AIM OF THE TASK – The records below must be reproduced in full and without error.

EXERCISE MATERIALS –

'''

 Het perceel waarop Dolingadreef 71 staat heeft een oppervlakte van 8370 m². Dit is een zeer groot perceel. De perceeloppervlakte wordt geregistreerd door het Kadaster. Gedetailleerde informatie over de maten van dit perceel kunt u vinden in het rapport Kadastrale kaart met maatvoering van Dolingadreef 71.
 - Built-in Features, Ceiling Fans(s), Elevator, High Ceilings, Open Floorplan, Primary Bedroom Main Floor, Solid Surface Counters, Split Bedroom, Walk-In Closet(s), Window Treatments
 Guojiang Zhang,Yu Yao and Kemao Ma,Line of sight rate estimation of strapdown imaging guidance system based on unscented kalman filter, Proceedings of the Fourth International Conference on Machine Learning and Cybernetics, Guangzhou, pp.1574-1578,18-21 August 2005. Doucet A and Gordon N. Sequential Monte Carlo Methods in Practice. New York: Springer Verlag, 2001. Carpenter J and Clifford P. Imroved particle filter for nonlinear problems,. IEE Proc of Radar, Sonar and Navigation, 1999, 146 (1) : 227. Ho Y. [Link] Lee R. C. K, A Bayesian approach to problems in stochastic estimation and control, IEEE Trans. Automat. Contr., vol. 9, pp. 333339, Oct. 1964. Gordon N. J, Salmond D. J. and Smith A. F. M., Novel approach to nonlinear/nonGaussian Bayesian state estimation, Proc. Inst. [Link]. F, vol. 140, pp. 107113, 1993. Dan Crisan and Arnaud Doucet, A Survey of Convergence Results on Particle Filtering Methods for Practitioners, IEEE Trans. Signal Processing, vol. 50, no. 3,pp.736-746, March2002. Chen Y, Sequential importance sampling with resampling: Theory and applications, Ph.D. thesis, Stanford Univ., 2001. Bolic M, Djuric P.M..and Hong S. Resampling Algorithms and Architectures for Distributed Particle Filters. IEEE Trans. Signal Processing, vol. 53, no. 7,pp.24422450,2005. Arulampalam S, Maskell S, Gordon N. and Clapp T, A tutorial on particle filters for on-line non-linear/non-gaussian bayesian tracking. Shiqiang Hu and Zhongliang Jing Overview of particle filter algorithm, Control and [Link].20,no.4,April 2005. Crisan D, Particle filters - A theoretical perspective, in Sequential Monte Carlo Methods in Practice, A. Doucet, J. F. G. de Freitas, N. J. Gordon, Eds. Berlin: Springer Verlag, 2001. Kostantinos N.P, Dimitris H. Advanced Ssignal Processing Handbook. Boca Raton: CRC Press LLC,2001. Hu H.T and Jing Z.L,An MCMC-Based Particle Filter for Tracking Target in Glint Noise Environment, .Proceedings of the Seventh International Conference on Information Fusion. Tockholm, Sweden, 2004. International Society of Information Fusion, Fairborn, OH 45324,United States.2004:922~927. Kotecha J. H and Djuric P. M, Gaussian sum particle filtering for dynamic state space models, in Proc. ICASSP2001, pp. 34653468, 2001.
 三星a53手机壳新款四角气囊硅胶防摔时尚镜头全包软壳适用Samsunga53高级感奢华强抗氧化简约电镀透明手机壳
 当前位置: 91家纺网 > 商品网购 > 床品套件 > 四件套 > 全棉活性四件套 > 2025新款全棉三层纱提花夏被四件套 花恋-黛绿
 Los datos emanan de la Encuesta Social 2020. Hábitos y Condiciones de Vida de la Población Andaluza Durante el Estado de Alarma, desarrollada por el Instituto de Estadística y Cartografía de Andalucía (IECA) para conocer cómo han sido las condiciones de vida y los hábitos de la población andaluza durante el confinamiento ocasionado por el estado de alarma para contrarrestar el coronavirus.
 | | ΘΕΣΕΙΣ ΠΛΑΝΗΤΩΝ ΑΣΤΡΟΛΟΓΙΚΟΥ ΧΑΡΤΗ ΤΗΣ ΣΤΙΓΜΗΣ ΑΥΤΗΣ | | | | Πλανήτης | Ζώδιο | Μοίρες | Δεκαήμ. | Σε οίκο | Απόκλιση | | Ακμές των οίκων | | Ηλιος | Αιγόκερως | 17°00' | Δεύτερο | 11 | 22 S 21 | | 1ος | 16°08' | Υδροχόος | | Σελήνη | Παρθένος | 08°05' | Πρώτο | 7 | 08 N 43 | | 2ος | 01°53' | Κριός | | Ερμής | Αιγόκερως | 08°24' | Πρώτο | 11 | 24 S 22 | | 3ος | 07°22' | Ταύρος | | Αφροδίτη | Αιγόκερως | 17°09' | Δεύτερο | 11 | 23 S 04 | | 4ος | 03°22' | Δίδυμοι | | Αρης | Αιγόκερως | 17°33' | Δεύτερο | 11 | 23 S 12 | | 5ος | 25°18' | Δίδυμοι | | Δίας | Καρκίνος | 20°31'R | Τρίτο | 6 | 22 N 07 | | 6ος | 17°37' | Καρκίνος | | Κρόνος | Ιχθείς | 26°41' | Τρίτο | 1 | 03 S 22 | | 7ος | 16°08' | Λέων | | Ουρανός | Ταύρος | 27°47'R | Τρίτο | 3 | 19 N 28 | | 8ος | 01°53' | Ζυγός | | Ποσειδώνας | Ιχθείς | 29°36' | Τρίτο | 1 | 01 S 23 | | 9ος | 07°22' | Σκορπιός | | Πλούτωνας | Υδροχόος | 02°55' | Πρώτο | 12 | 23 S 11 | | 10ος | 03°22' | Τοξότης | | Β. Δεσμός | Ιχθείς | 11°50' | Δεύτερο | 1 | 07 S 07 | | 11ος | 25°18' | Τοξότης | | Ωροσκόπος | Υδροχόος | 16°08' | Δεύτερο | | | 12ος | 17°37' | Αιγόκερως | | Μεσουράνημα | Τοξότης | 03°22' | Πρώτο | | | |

'''

TASK ANSWER –
 Het perceel waarop Dolingadreef 71 staat heeft een oppervlakte van 8370 m². Dit is een zeer groot perceel. De perceeloppervlakte wordt geregistreerd door het Kadaster. Gedetailleerde informatie over de maten van dit perceel kunt u vinden in het rapport Kadastrale kaart met maatvoering van Dolingadreef 71.
 - Built-in Features, Ceiling Fans(s), Elevator, High Ceilings, Open Floorplan, Primary Bedroom Main Floor, Solid Surface Counters, Split Bedroom, Walk-In Closet(s), Window Treatments
 Guojiang Zhang,Yu Yao and Kemao Ma,Line of sight rate estimation of strapdown imaging guidance system based on unscented kalman filter, Proceedings of the Fourth International Conference on Machine Learning and Cybernetics, Guangzhou, pp.1574-1578,18-21 August 2005. Doucet A and Gordon N. Sequential Monte Carlo Methods in Practice. New York: Springer Verlag, 2001. Carpenter J and Clifford P. Imroved particle filter for nonlinear problems,. IEE Proc of Radar, Sonar and Navigation, 1999, 146 (1) : 227. Ho Y. [Link] Lee R. C. K, A Bayesian approach to problems in stochastic estimation and control, IEEE Trans. Automat. Contr., vol. 9, pp. 333339, Oct. 1964. Gordon N. J, Salmond D. J. and Smith A. F. M., Novel approach to nonlinear/nonGaussian Bayesian state estimation, Proc. Inst. [Link]. F, vol. 140, pp. 107113, 1993. Dan Crisan and Arnaud Doucet, A Survey of Convergence Results on Particle Filtering Methods for Practitioners, IEEE Trans. Signal Processing, vol. 50, no. 3,pp.736-746, March2002. Chen Y, Sequential importance sampling with resampling: Theory and applications, Ph.D. thesis, Stanford Univ., 2001. Bolic M, Djuric P.M..and Hong S. Resampling Algorithms and Architectures for Distributed Particle Filters. IEEE Trans. Signal Processing, vol. 53, no. 7,pp.24422450,2005. Arulampalam S, Maskell S, Gordon N. and Clapp T, A tutorial on particle filters for on-line non-linear/non-gaussian bayesian tracking. Shiqiang Hu and Zhongliang Jing Overview of particle filter algorithm, Control and [Link].20,no.4,April 2005. Crisan D, Particle filters - A theoretical perspective, in Sequential Monte Carlo Methods in Practice, A. Doucet, J. F. G. de Freitas, N. J. Gordon, Eds. Berlin: Springer Verlag, 2001. Kostantinos N.P, Dimitris H. Advanced Ssignal Processing Handbook. Boca Raton: CRC Press LLC,2001. Hu H.T and Jing Z.L,An MCMC-Based Particle Filter for Tracking Target in Glint Noise Environment, .Proceedings of the Seventh International Conference on Information Fusion. Tockholm, Sweden, 2004. International Society of Information Fusion, Fairborn, OH 45324,United States.2004:922~927. Kotecha J. H and Djuric P. M, Gaussian sum particle filtering for dynamic state space models, in Proc. ICASSP2001, pp. 34653468, 2001.
 三星a53手机壳新款四角气囊硅胶防摔时尚镜头全包软壳适用Samsunga53高级感奢华强抗氧化简约电镀透明手机壳
 当前位置: 91家纺网 > 商品网购 > 床品套件 > 四件套 > 全棉活性四件套 > 2025新款全棉三层纱提花夏被四件套 花恋-黛绿
 Los datos emanan de la Encuesta Social 2020. Hábitos y Condiciones de Vida de la Población Andaluza Durante el Estado de Alarma, desarrollada por el Instituto de Estadística y Cartografía de Andalucía (IECA) para conocer cómo han sido las condiciones de vida y los hábitos de la población andaluza durante el confinamiento ocasionado por el estado de alarma para contrarrestar el coronavirus.
 | | ΘΕΣΕΙΣ ΠΛΑΝΗΤΩΝ ΑΣΤΡΟΛΟΓΙΚΟΥ ΧΑΡΤΗ ΤΗΣ ΣΤΙΓΜΗΣ ΑΥΤΗΣ | | | | Πλανήτης | Ζώδιο | Μοίρες | Δεκαήμ. | Σε οίκο | Απόκλιση | | Ακμές των οίκων | | Ηλιος | Αιγόκερως | 17°00' | Δεύτερο | 11 | 22 S 21 | | 1ος | 16°08' | Υδροχόος | | Σελήνη | Παρθένος | 08°05' | Πρώτο | 7 | 08 N 43 | | 2ος | 01°53' | Κριός | | Ερμής | Αιγόκερως | 08°24' | Πρώτο | 11 | 24 S 22 | | 3ος | 07°22' | Ταύρος | | Αφροδίτη | Αιγόκερως | 17°09' | Δεύτερο | 11 | 23 S 04 | | 4ος | 03°22' | Δίδυμοι | | Αρης | Αιγόκερως | 17°33' | Δεύτερο | 11 | 23 S 12 | | 5ος | 25°18' | Δίδυμοι | | Δίας | Καρκίνος | 20°31'R | Τρίτο | 6 | 22 N 07 | | 6ος | 17°37' | Καρκίνος | | Κρόνος | Ιχθείς | 26°41' | Τρίτο | 1 | 03 S 22 | | 7ος | 16°08' | Λέων | | Ουρανός | Ταύρος | 27°47'R | Τρίτο | 3 | 19 N 28 | | 8ος | 01°53' | Ζυγός | | Ποσειδώνας | Ιχθείς | 29°36' | Τρίτο | 1 | 01 S 23 | | 9ος | 07°22' | Σκορπιός | | Πλούτωνας | Υδροχόος | 02°55' | Πρώτο | 12 | 23 S 11 | | 10ος | 03°22' | Τοξότης | | Β. Δεσμός | Ιχθείς | 11°50' | Δεύτερο | 1 | 07 S 07 | | 11ος | 25°18' | Τοξότης | | Ωροσκόπος | Υδροχόος | 16°08' | Δεύτερο | | | 12ος | 17°37' | Αιγόκερως | | Μεσουράνημα | Τοξότης | 03°22' | Πρώτο | | | |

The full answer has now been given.